I'm considering building a new benchtop out of Southern Yellow Pine 2×4s to replace the current MDF surface. How necessary is it flatten the 2×4s before gluing them together? Can I just buy straight boards and glue them together, or do I need to beg/borrow/steal a jointer and planer to dimension them properly first?


----------



## DamnYankee (May 21, 2011)

I recently made a workbence top out of 2×6s myself using my tablesaw. I resawed each 2×6 in half and then trued up each edge on the tablesaw all to the same dimension (as I recall about 1-5/8×2-1/2). I then glued these up using cauls. The first glue up was two each (1-2, 3-4, 5-6, ....) then I doubled those up (1-4, 5-8,...) until I had them all glued. I paid real close attention ensuring at least one side (the top) glued up as flat/true as I could get it. To finish it I stuck some self-adhesive sandpaper to one side of a length of 2×4 (that I trued up on theTS) that was a bit longer than the top was wide. I then did the pencil squiggle thing, marking all over the top, and then sanded until the lines were all gone. By using the 2×4 sanding block longer than the overall width, it sanded it down true/flat across the whole length.

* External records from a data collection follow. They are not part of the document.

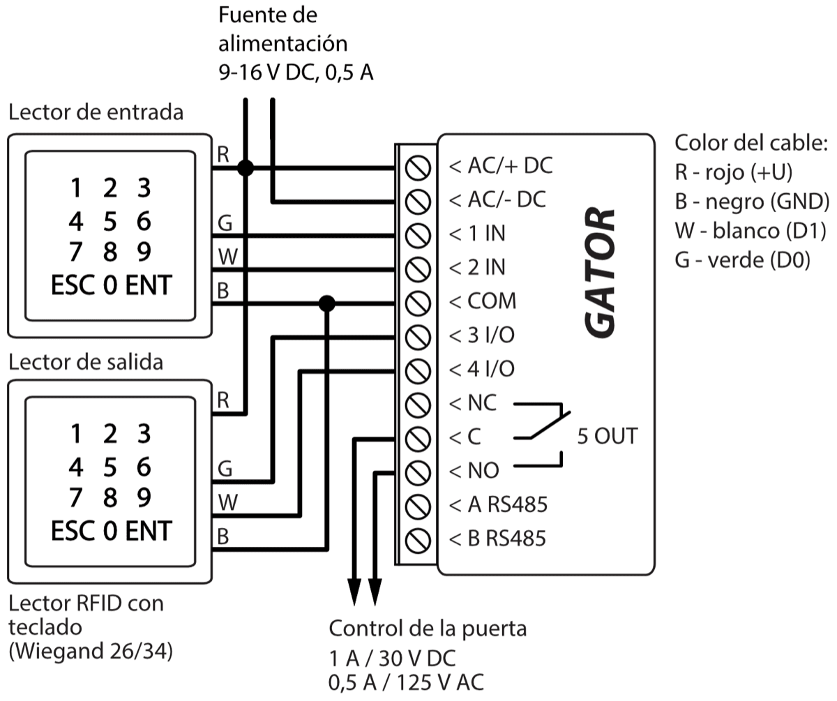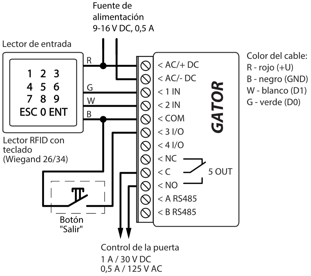 Código - si un lector RFID con un teclado Wiegand 26/34 está conectado al controlador, entonces el usuario puede ingresar el código de control.
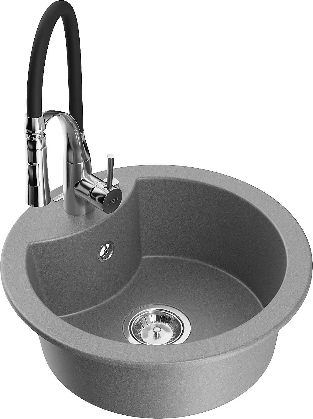 Mexen Diego granitový dřez 1-komorový s kuchyňskou baterií Aster, šedý - 6512-71-73450-07
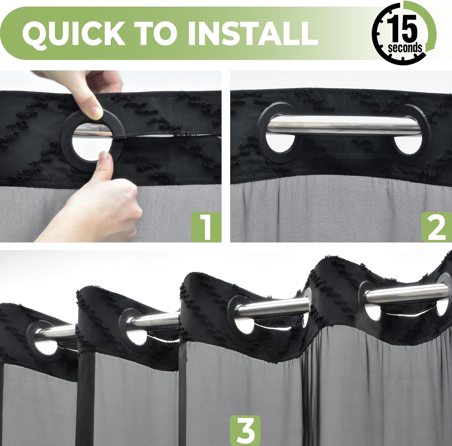 - 【No Hook Shower Curtain】This shower curtain is designed with Split Rings that let you hang it in a second. You don't need to take down the shower rod or purchase hooks
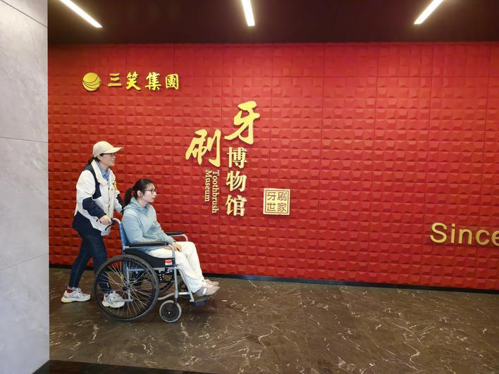 刘娟推着特殊群体游扬州
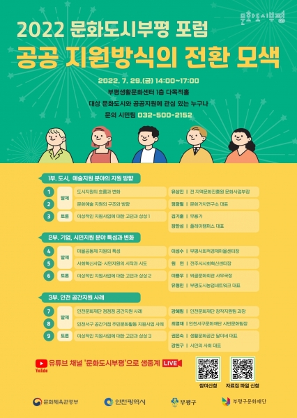 [금요저널] 부평구문화도시센터가 오는 29일 부평생활문화센터 다목적 홀에서 ‘2022년 문화도시부평 포럼’을 진행한다.
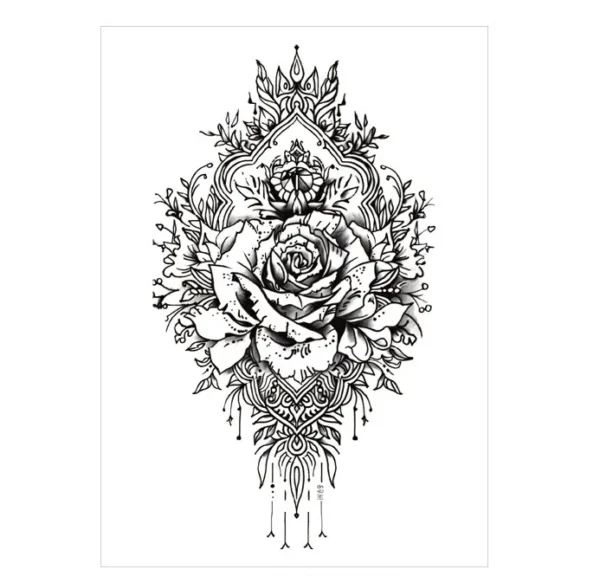 Prepare for your permanent ink journey with our Ornate Rose Mandala Temporary Tattoo. This intricately detailed design combines the beauty of a rose with sacred geometry, making it an ideal piece to test before you search for best rated tattoo shops near me. Wear this stunning mandala for 3 days to evaluate the design, placement, and how it feels on your skin. Explore more test designs here →
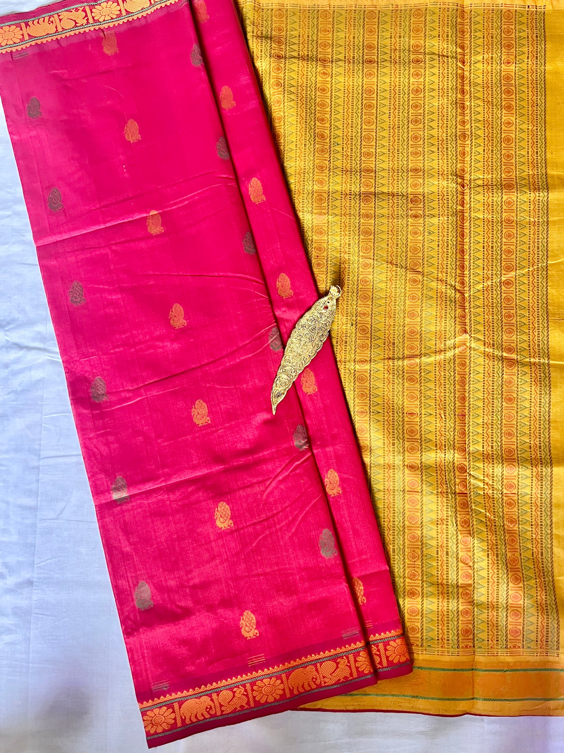 Simple, stunning, and so comfortable. Our semi-silk cotton sarees are perfect for personal use and gifting.

If your surface after gluing is too much out of flat/true to go directly to sandpaper, you could use a joining plane first.


----------



## yrob (May 26, 2008)

You will have to joint the boards. 2×4s come with a rounded edge and are not ready to glue. You can do that pretty easily with a jointer plane. Once you have a good edge, you can glue them together in groups of 3 or 4. Once its dry, you again use your hand plane jointer to flatten the surface. You repeat for 2 or 3 groups and then glue these together and do a final planing.


----------